Pat Sheehan (born 28 May 1958) is an Irish Sinn Féin politician, and former Provisional Irish Republican Army hunger striker at the Maze Prison.

Hunger strike
Sheehan was born in Belfast, Northern Ireland. In 1978 he was convicted of causing an explosion and sentenced to 15 years.

Sheehan was the 17th republican inmate at the Maze Prison to join the 1981 hunger strikes, which was aimed at gaining political status for Provisional IRA and Irish National Liberation Army prisoners. He began fasting on 10 August – after nine prisoners had already died – and ended when the hunger strike was officially called off on 3 October. He survived 55 days without food.

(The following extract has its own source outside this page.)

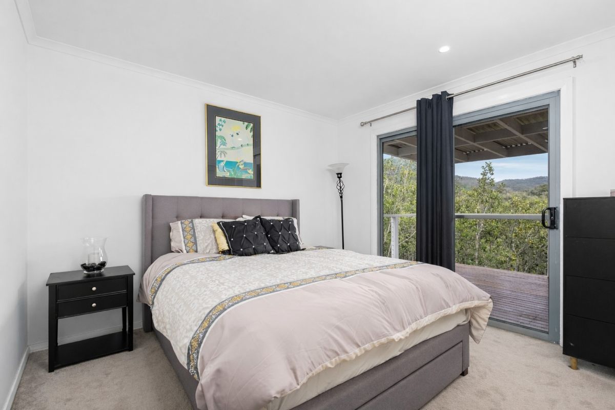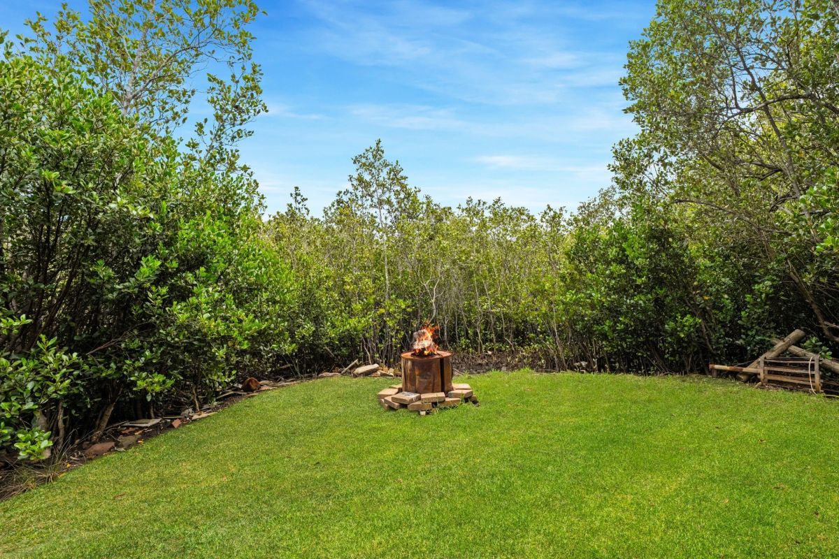 From the moment you arrive, the peaceful surrounds make an immediate impression. Framed by pristine bushland and abundant with natural wildlife, the home enjoys a prized south-east aspect, allowing soft morning light to filter through the living spaces while the rear deck captures uninterrupted views across the mangroves toward distant mountain ranges. It is a setting that feels private, serene and remarkably untouched.

By the time Sheehan began fasting, the strike had already begun to break. Another protester, Paddy Quinn, was taken off the hunger strike on 31 July after his mother called for medical intervention when her son was close to death following 47 days without food. This action – and calls by the Catholic Church to end the strike – prompted other relatives to do the same. The last prisoner to die was Michael Devine, who died on 20 August after 60 days. The hunger strike was ultimately called off after it had become clear that nearly all the prisoners' families would intervene to stop their sons from dying.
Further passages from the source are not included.